I'm sure everything is fine. You have to understand that the baby is still so small and you dont have good chances of seeing it yet anyways. The heartbeat will just show up a little late, and the baby also could have been asleep which made the heartbeat when I got mine done alot quieter so maybe that is the case. Anyways as the baby gets older it wont matter if the baby is asleep or awake. The implantation was probably slow which could throw you off. Sperm can live a while inside of you, and I've heard of a case where the implantation itself took 2 weeks!! and of course that would through your dates off if that was the case. I'm sure everything is good and please be sure to let us know what happens
If your last period started on Feb 8, then the doctors' consider you 10weeks along + 3 or 4 days. Obviously you don't conceive on that date and the baby isn't actually 10 weeks old. Usually a person ovulates around 2 weeks after their period starts and you say you know you conceived 3 weeks after so your ultrasound may have been too early. Why did you go in for one anyhow? Its unusual unless you're not sure on your dates. Be patient and wait it out a bit.
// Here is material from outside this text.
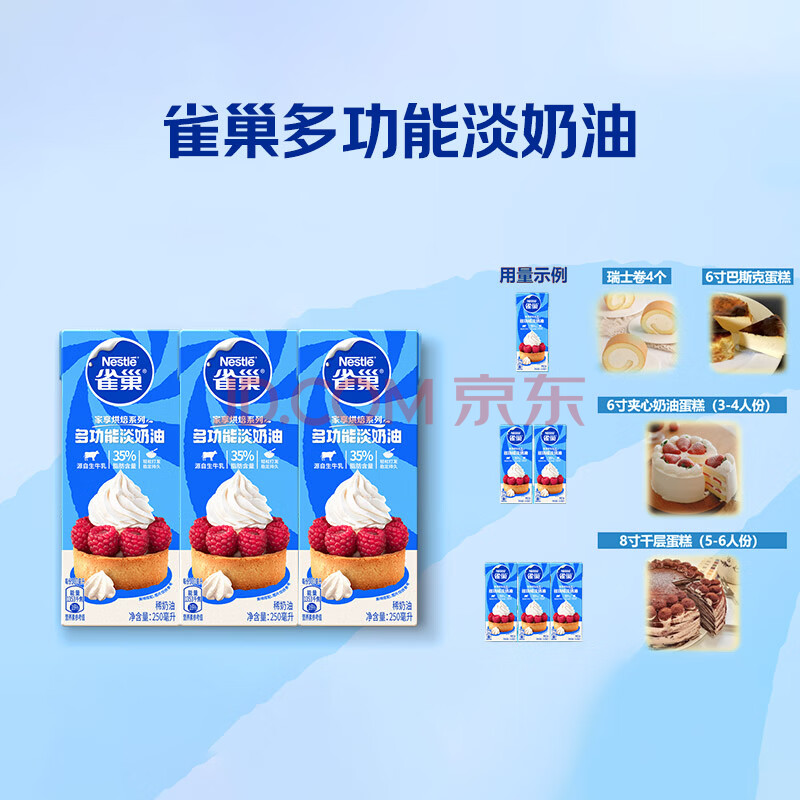 商品相册:雀巢(Nestle)烘焙原料淡奶油常温存储易打发蛋糕淡奶油250ml*3第

Deep breath and focus on doing some things you enjoy so you're not consumed with this. My first pregnancy was a blighted ovum. I had a d&c. Its a tough thing to go through and at first I had never heard of or been told I had a blighted ovum. If I had I would have had an easier time accepting that this was not a pregnancy! A blighted ovum is different from most miscarriages b/c the fertilized egg did NOT attach to the womb so never start to grow into a baby. Its just a group of cells that didn't pass through your system but instead hung around. That knowledge helped me. However, I realize at this point that miscarrying and or having a d&c is hard on you and your body FEELs pregnant. Hang in there! I know have 2 healthy boys and a girl on the way. I hope this helps.